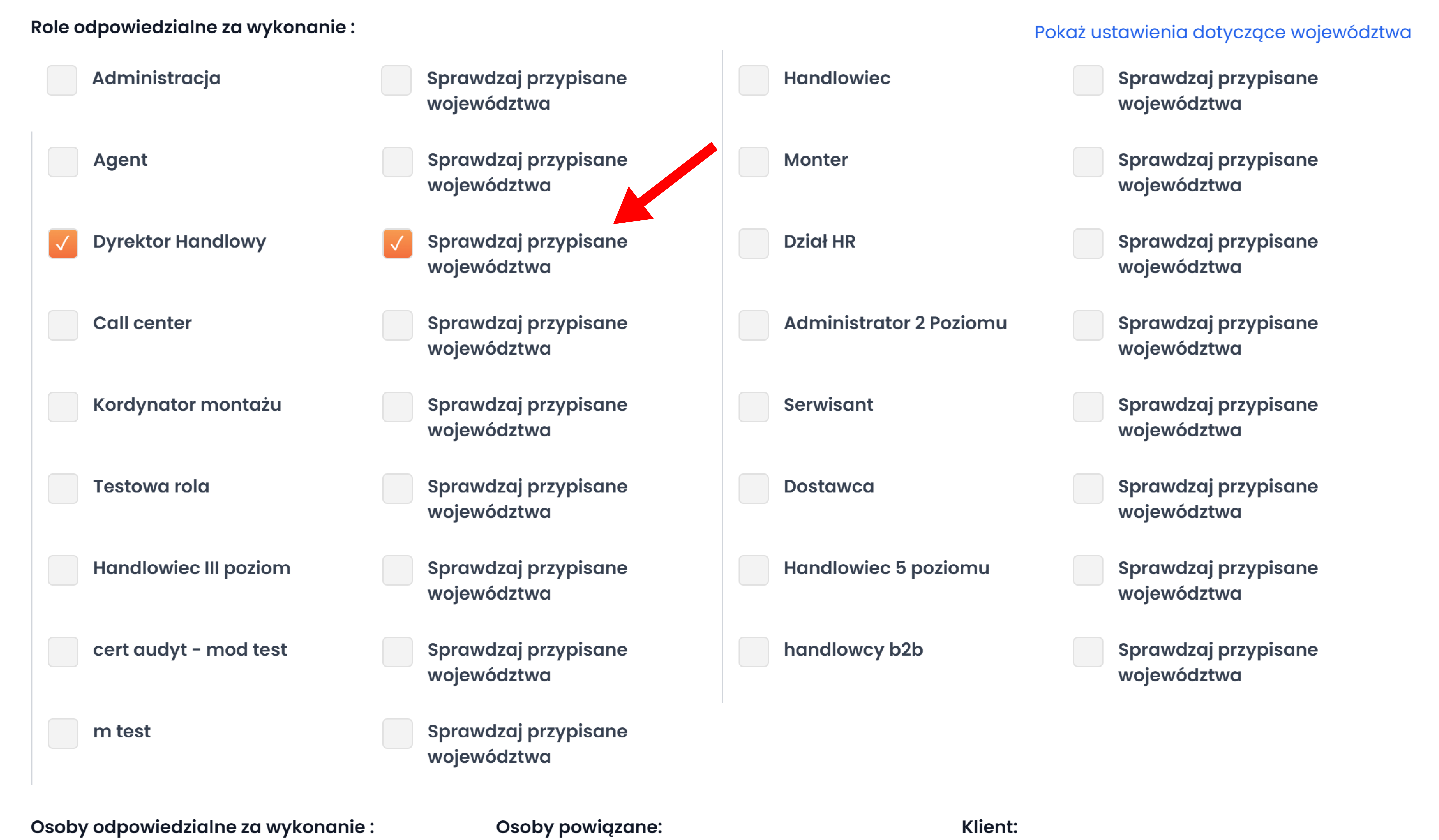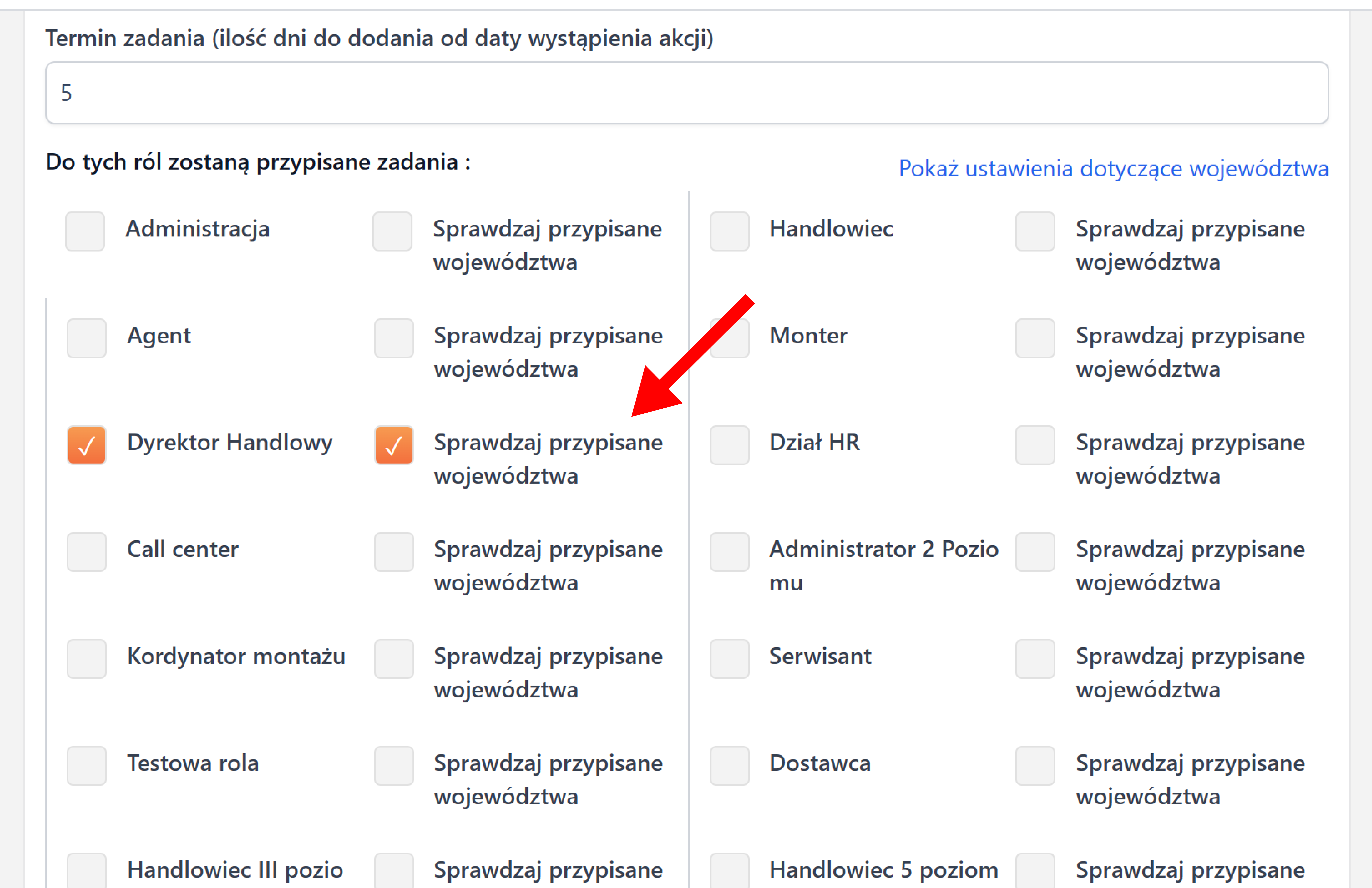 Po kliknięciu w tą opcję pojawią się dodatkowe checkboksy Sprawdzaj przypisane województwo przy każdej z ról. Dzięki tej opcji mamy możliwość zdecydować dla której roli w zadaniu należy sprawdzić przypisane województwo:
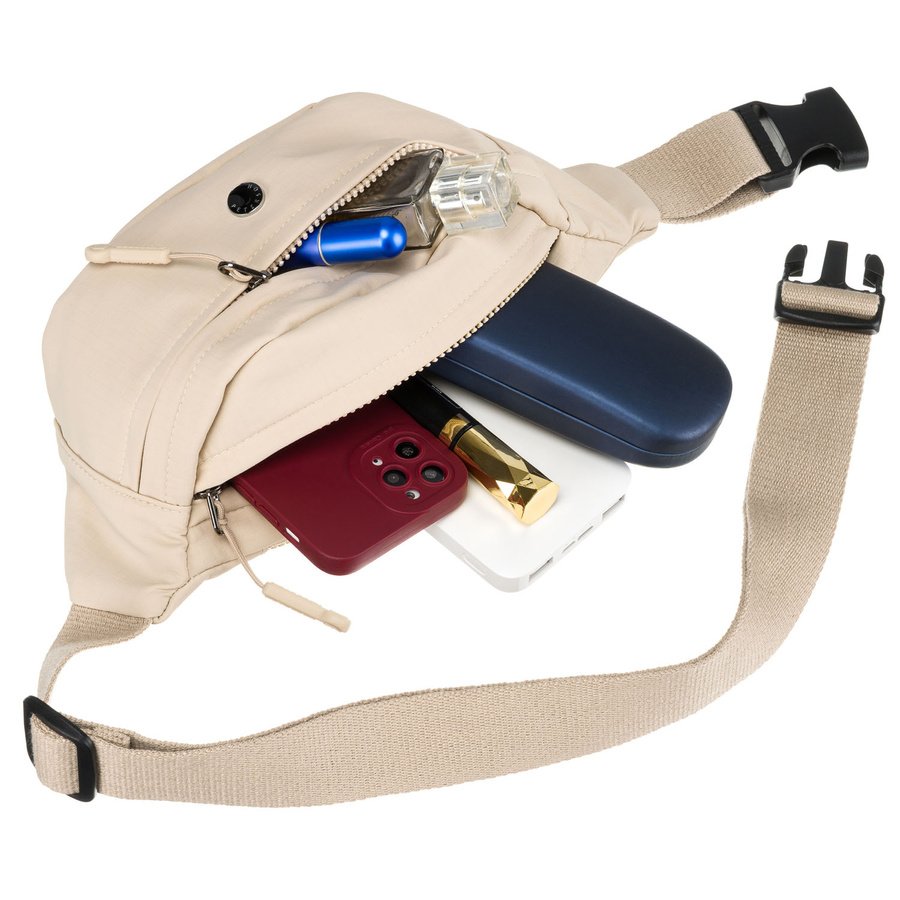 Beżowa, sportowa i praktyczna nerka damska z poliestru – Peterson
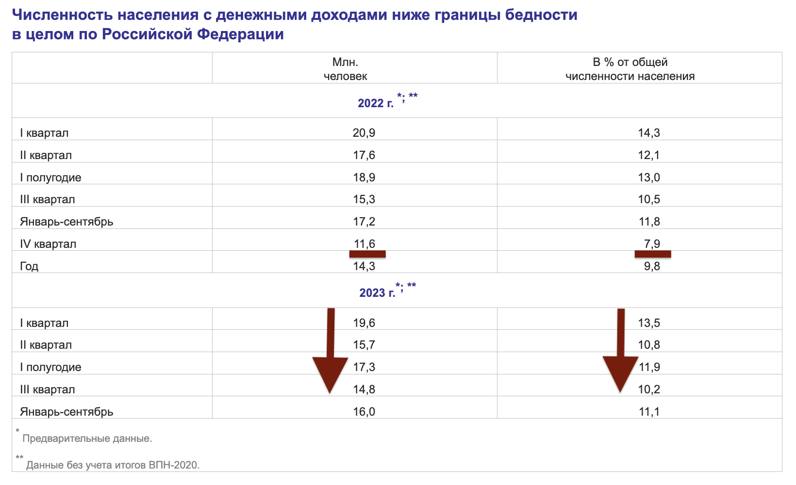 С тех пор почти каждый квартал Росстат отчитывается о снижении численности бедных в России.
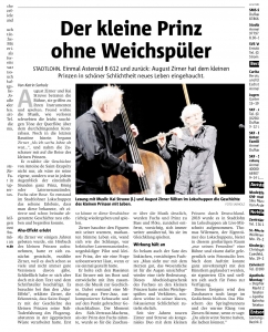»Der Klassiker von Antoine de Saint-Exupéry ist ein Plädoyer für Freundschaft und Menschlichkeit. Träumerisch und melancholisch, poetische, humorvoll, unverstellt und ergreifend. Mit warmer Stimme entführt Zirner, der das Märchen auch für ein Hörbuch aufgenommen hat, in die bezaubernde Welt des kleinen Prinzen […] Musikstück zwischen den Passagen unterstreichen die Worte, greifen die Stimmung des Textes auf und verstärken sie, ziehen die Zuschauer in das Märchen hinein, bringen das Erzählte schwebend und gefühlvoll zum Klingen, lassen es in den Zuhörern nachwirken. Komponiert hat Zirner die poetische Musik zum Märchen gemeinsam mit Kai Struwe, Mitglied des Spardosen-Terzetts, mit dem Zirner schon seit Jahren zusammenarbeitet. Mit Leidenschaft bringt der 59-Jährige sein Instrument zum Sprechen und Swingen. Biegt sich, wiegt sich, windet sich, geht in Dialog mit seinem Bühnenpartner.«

• _What you are asked to do_:
Only the pictures stay behind; everything else in the data above is to be retyped exactly.

• _Exercise output_:
 Po kliknięciu w tą opcję pojawią się dodatkowe checkboksy Sprawdzaj przypisane województwo przy każdej z ról. Dzięki tej opcji mamy możliwość zdecydować dla której roli w zadaniu należy sprawdzić przypisane województwo:
 Beżowa, sportowa i praktyczna nerka damska z poliestru – Peterson
 С тех пор почти каждый квартал Росстат отчитывается о снижении численности бедных в России.
»Der Klassiker von Antoine de Saint-Exupéry ist ein Plädoyer für Freundschaft und Menschlichkeit. Träumerisch und melancholisch, poetische, humorvoll, unverstellt und ergreifend. Mit warmer Stimme entführt Zirner, der das Märchen auch für ein Hörbuch aufgenommen hat, in die bezaubernde Welt des kleinen Prinzen […] Musikstück zwischen den Passagen unterstreichen die Worte, greifen die Stimmung des Textes auf und verstärken sie, ziehen die Zuschauer in das Märchen hinein, bringen das Erzählte schwebend und gefühlvoll zum Klingen, lassen es in den Zuhörern nachwirken. Komponiert hat Zirner die poetische Musik zum Märchen gemeinsam mit Kai Struwe, Mitglied des Spardosen-Terzetts, mit dem Zirner schon seit Jahren zusammenarbeitet. Mit Leidenschaft bringt der 59-Jährige sein Instrument zum Sprechen und Swingen. Biegt sich, wiegt sich, windet sich, geht in Dialog mit seinem Bühnenpartner.«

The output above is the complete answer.